[Records from a data collection]
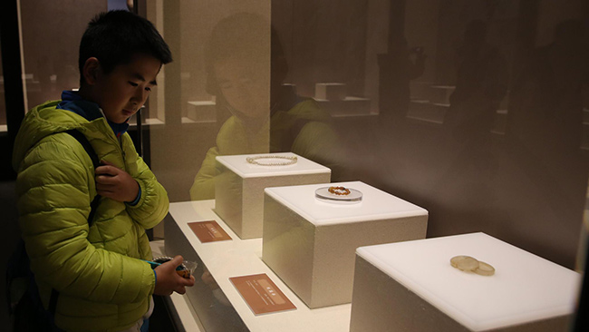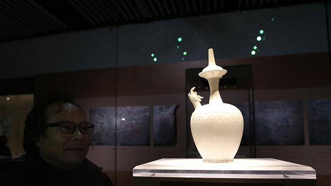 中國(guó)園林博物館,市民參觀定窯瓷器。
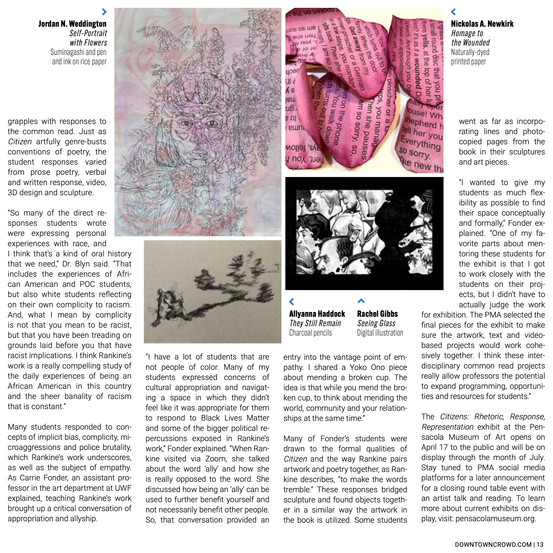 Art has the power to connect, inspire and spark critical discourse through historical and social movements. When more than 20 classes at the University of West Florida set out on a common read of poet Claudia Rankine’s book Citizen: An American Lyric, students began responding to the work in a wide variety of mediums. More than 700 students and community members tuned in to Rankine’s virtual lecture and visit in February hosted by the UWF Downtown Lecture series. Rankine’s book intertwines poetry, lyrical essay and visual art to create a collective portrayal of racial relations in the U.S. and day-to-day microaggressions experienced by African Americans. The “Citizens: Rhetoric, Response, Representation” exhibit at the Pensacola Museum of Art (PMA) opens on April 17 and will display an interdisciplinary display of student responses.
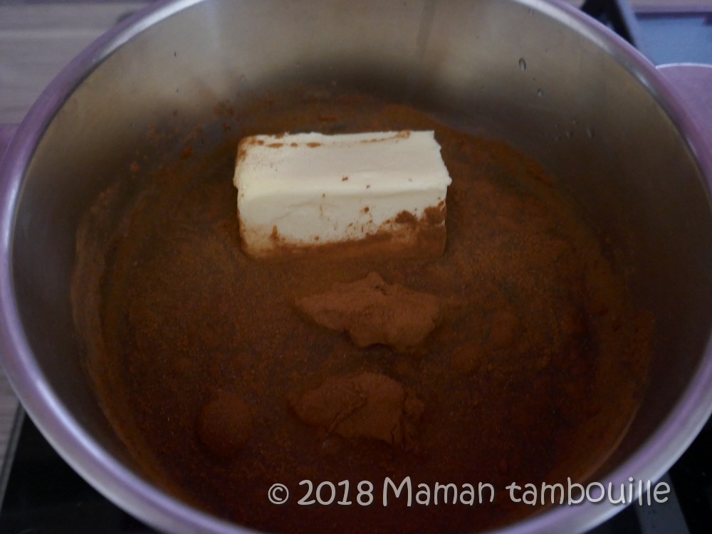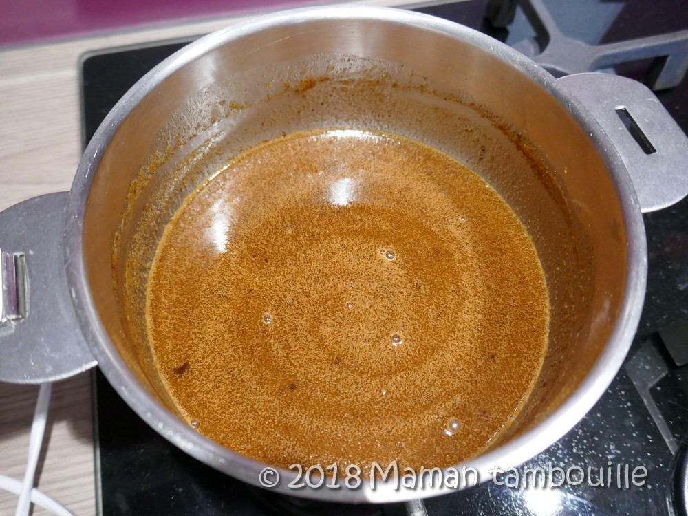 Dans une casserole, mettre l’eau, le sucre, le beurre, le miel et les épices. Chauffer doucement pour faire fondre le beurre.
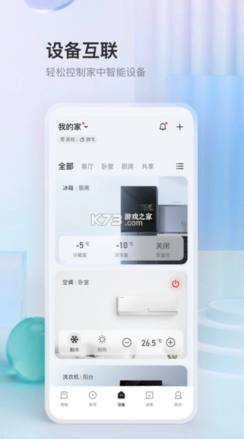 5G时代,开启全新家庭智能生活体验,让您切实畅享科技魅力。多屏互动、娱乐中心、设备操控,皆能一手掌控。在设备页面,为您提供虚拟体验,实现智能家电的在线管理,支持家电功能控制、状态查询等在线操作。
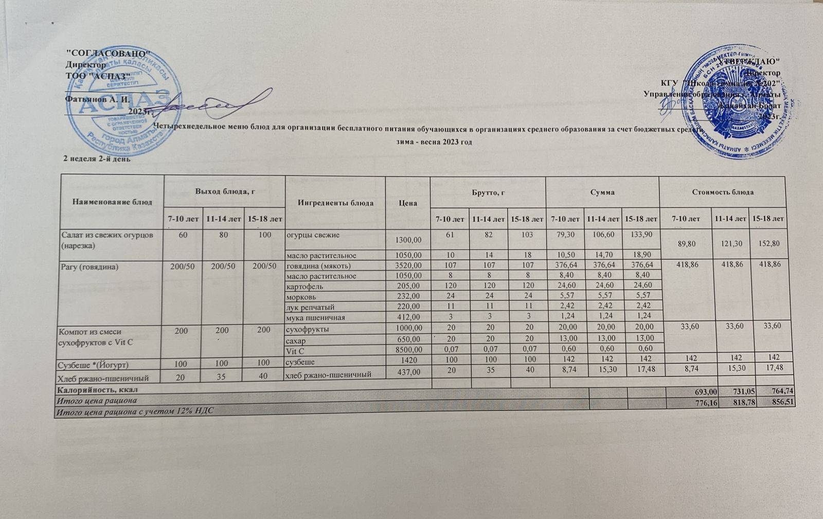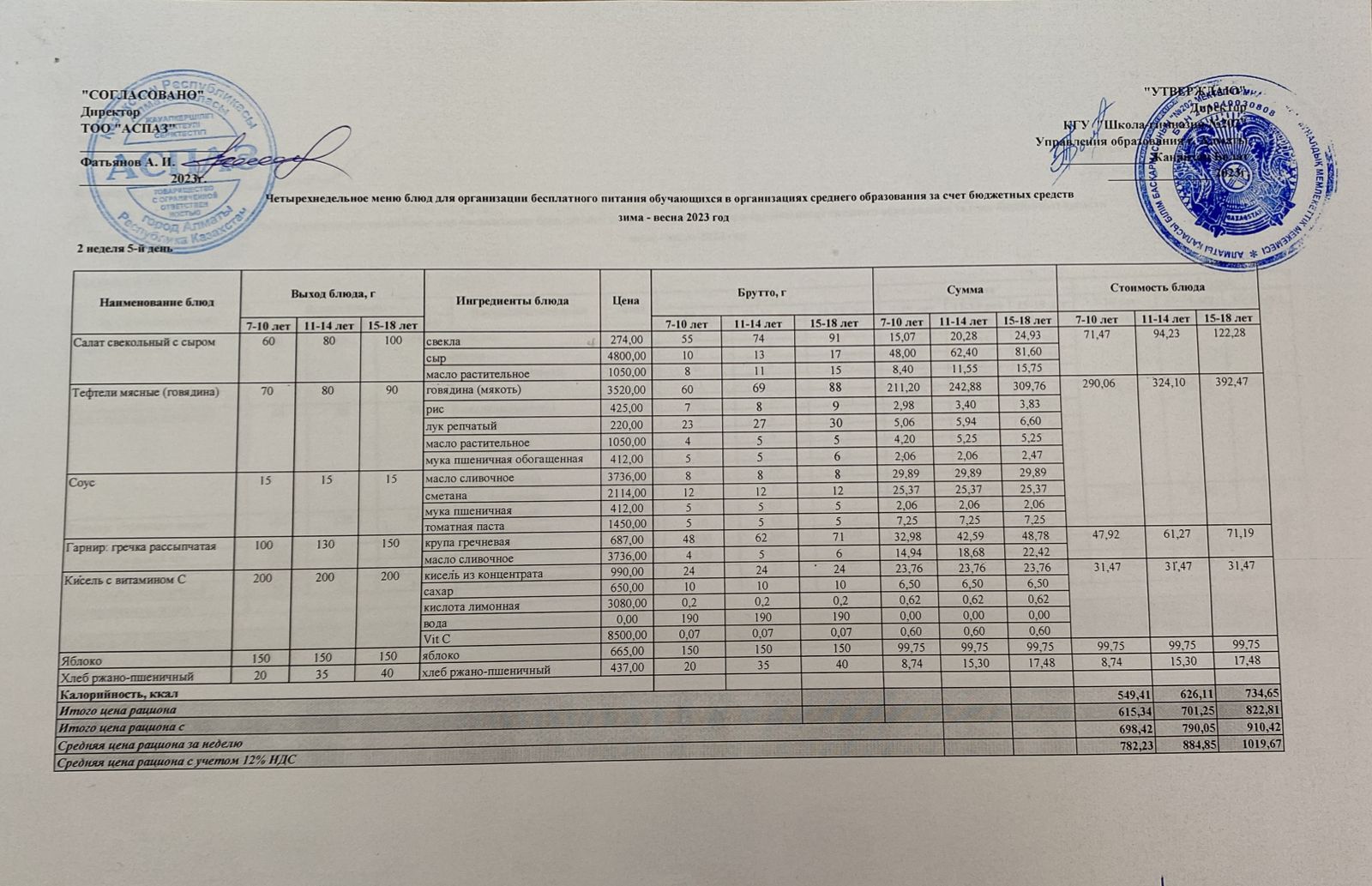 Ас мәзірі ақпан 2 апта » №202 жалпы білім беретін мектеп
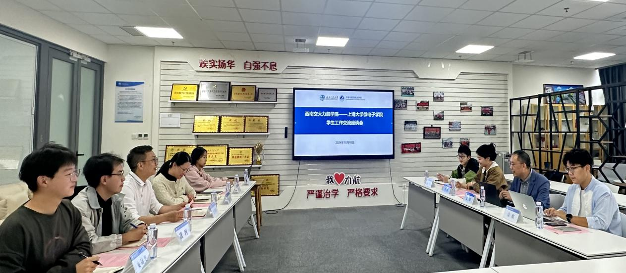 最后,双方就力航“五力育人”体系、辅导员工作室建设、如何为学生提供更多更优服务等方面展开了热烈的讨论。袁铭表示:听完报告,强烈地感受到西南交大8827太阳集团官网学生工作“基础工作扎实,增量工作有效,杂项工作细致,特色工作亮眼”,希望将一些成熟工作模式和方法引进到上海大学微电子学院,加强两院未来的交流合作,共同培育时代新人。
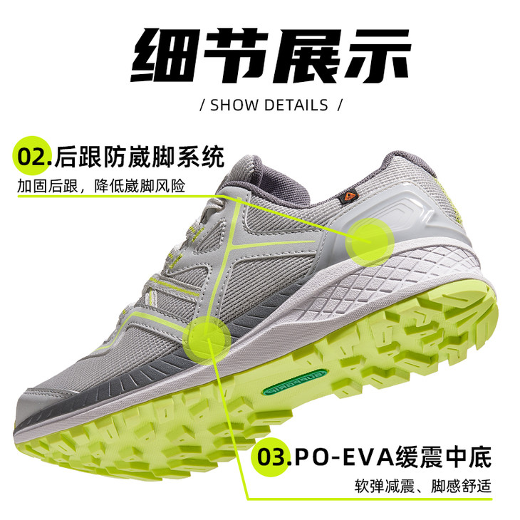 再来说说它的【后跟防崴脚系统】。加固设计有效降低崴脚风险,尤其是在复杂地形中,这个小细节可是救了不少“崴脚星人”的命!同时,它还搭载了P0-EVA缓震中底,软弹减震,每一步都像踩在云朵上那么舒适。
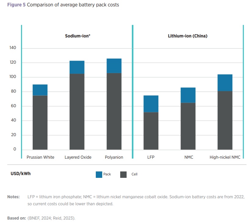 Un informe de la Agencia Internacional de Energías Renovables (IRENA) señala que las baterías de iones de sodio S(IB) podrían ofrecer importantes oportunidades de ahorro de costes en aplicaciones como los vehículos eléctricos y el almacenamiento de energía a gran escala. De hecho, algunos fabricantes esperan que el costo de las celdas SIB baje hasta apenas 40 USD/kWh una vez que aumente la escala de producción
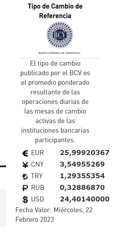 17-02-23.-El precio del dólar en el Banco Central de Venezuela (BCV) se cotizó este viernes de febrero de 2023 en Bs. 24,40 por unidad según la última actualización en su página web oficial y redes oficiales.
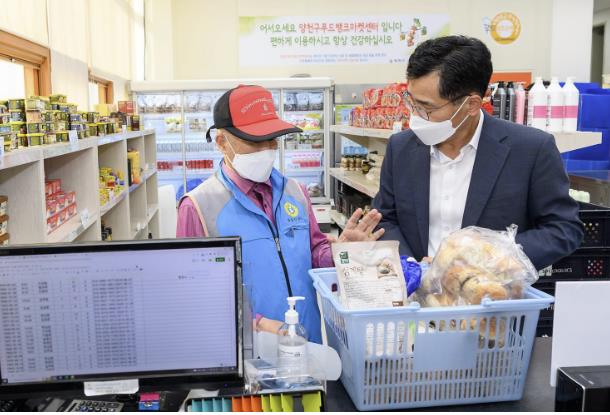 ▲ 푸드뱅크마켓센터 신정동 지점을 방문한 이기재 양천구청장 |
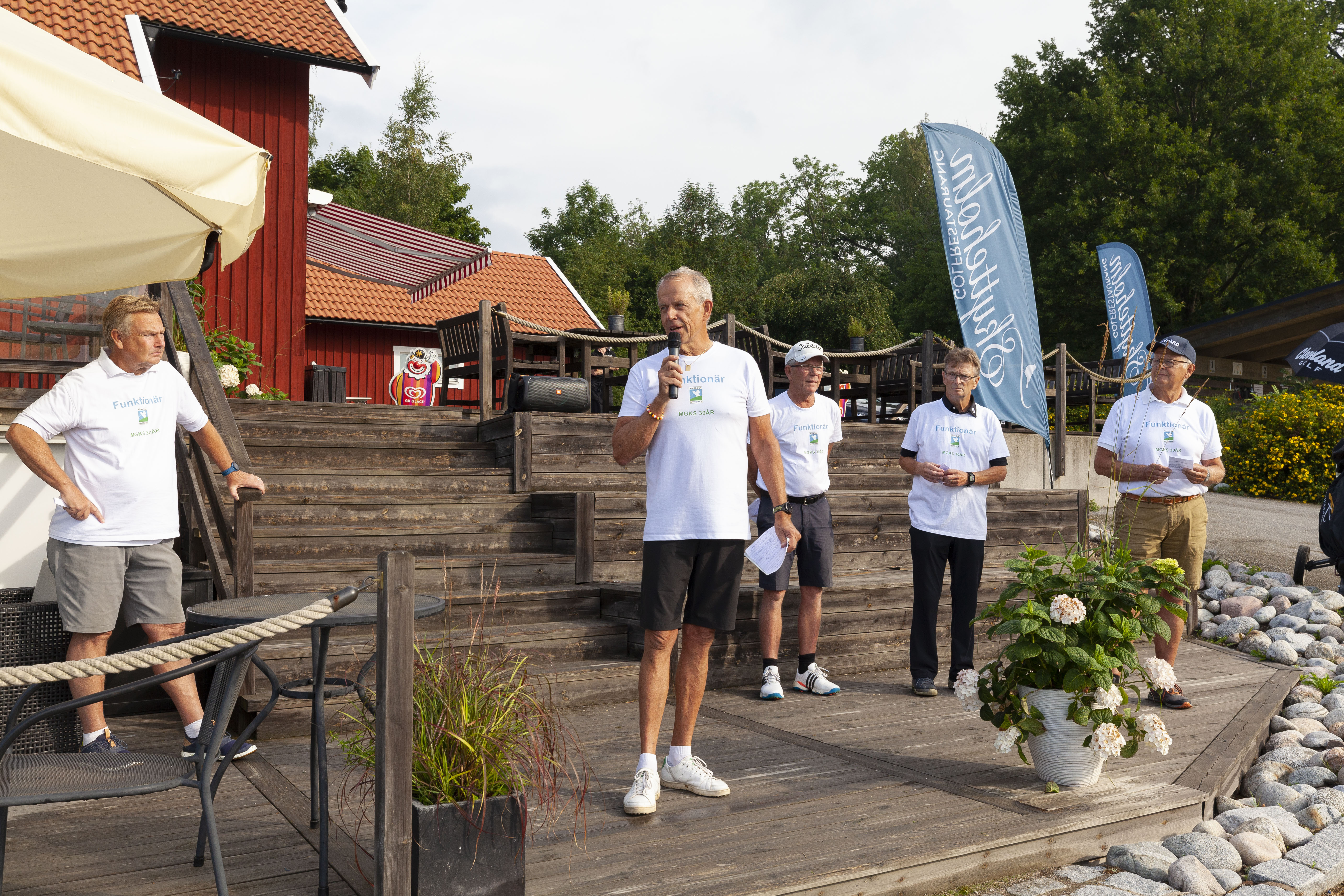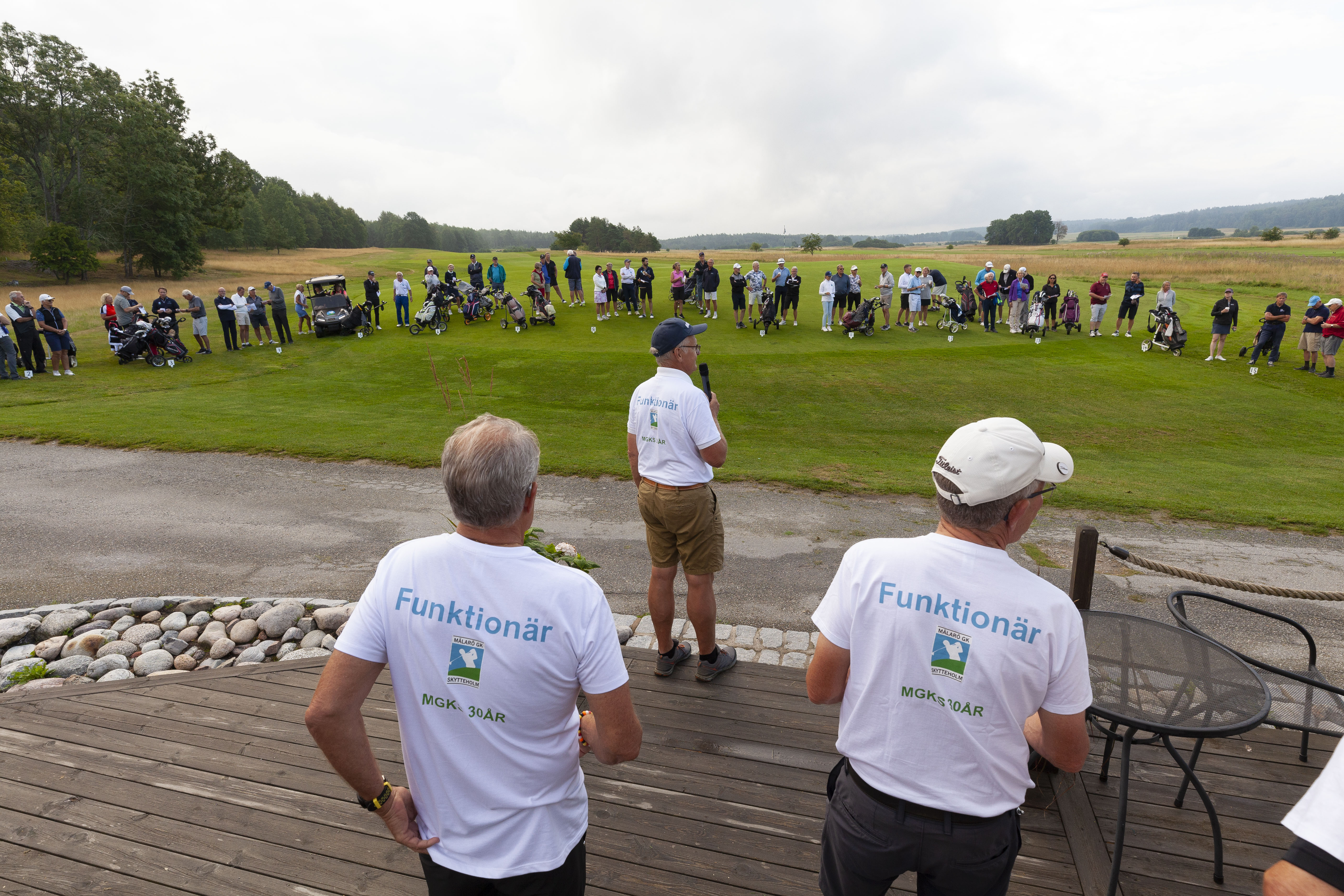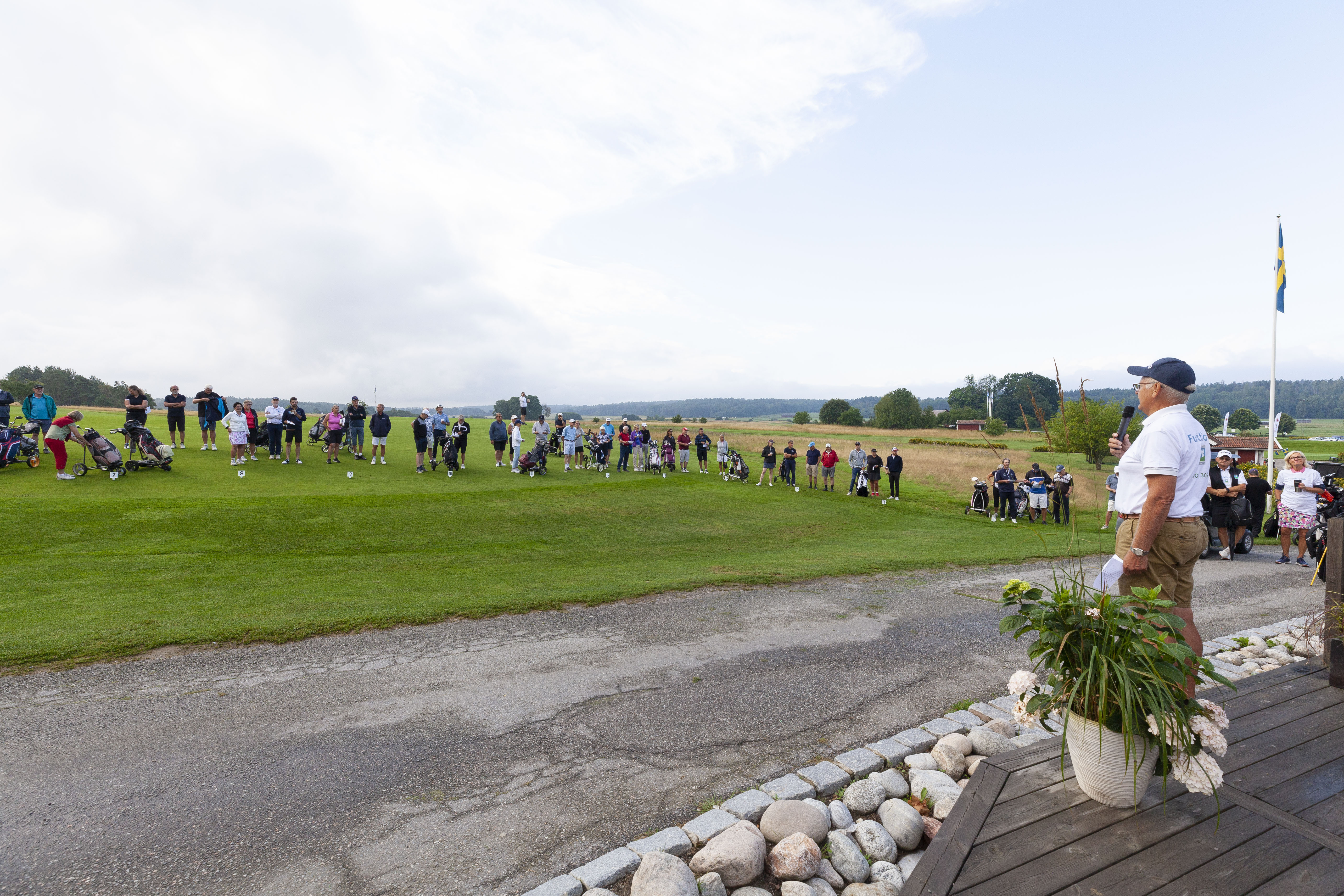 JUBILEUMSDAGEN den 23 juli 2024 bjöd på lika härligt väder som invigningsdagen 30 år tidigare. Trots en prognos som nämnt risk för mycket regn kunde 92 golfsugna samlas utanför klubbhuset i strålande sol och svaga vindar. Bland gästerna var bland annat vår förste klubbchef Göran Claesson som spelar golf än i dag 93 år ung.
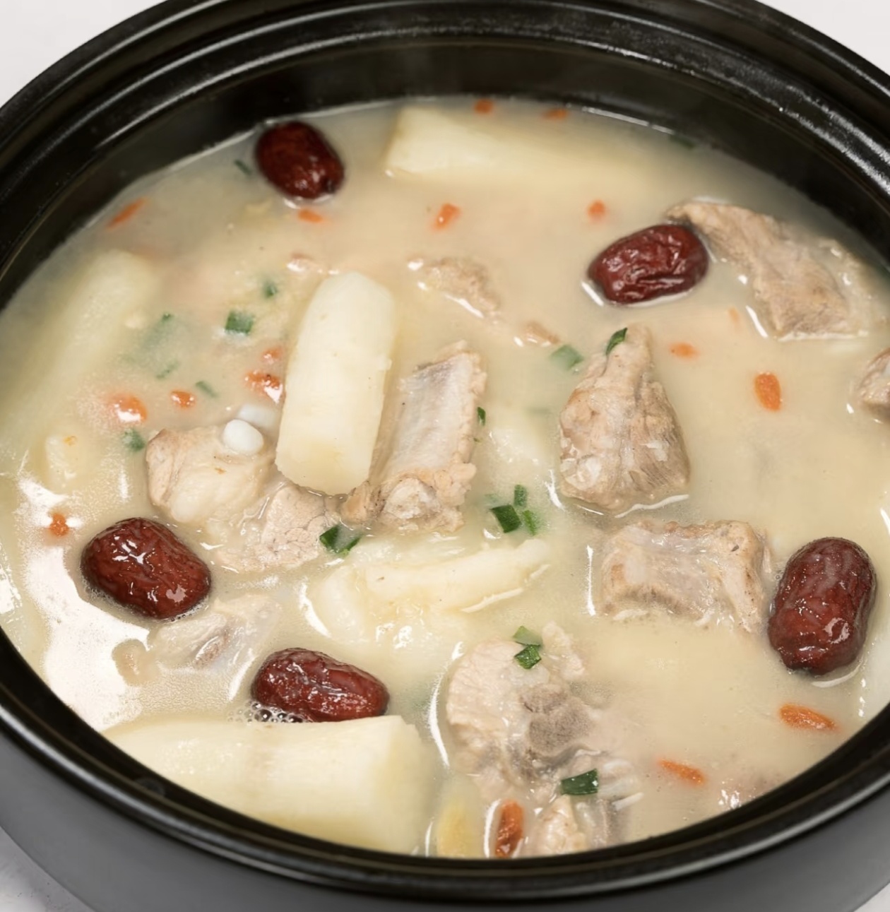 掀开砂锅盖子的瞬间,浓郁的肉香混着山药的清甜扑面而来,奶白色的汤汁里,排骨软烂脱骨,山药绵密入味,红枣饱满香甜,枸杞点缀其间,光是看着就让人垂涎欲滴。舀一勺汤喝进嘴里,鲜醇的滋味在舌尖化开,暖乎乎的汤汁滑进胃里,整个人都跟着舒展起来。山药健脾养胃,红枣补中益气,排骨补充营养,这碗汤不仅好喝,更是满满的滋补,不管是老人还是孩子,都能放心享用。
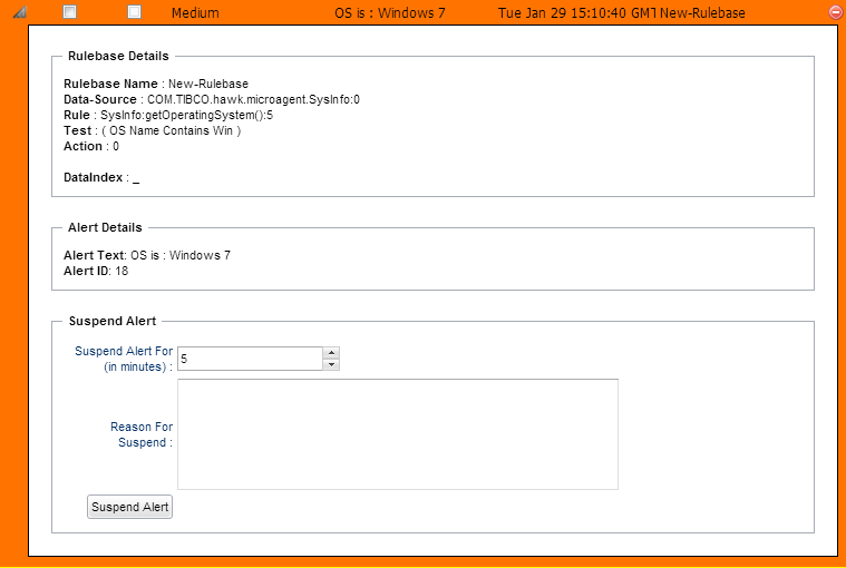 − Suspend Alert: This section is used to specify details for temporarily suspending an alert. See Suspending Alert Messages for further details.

- [WHAT YOU ARE ASKED TO DO] Your reply must hold only the lines from the line containing "JUBILEUMSDAGEN den 23" through the end of the records above, written out exactly, both ends included, with no pictures, please.

- [FINISHED EXERCISE]
 JUBILEUMSDAGEN den 23 juli 2024 bjöd på lika härligt väder som invigningsdagen 30 år tidigare. Trots en prognos som nämnt risk för mycket regn kunde 92 golfsugna samlas utanför klubbhuset i strålande sol och svaga vindar. Bland gästerna var bland annat vår förste klubbchef Göran Claesson som spelar golf än i dag 93 år ung.
 掀开砂锅盖子的瞬间,浓郁的肉香混着山药的清甜扑面而来,奶白色的汤汁里,排骨软烂脱骨,山药绵密入味,红枣饱满香甜,枸杞点缀其间,光是看着就让人垂涎欲滴。舀一勺汤喝进嘴里,鲜醇的滋味在舌尖化开,暖乎乎的汤汁滑进胃里,整个人都跟着舒展起来。山药健脾养胃,红枣补中益气,排骨补充营养,这碗汤不仅好喝,更是满满的滋补,不管是老人还是孩子,都能放心享用。
 − Suspend Alert: This section is used to specify details for temporarily suspending an alert. See Suspending Alert Messages for further details.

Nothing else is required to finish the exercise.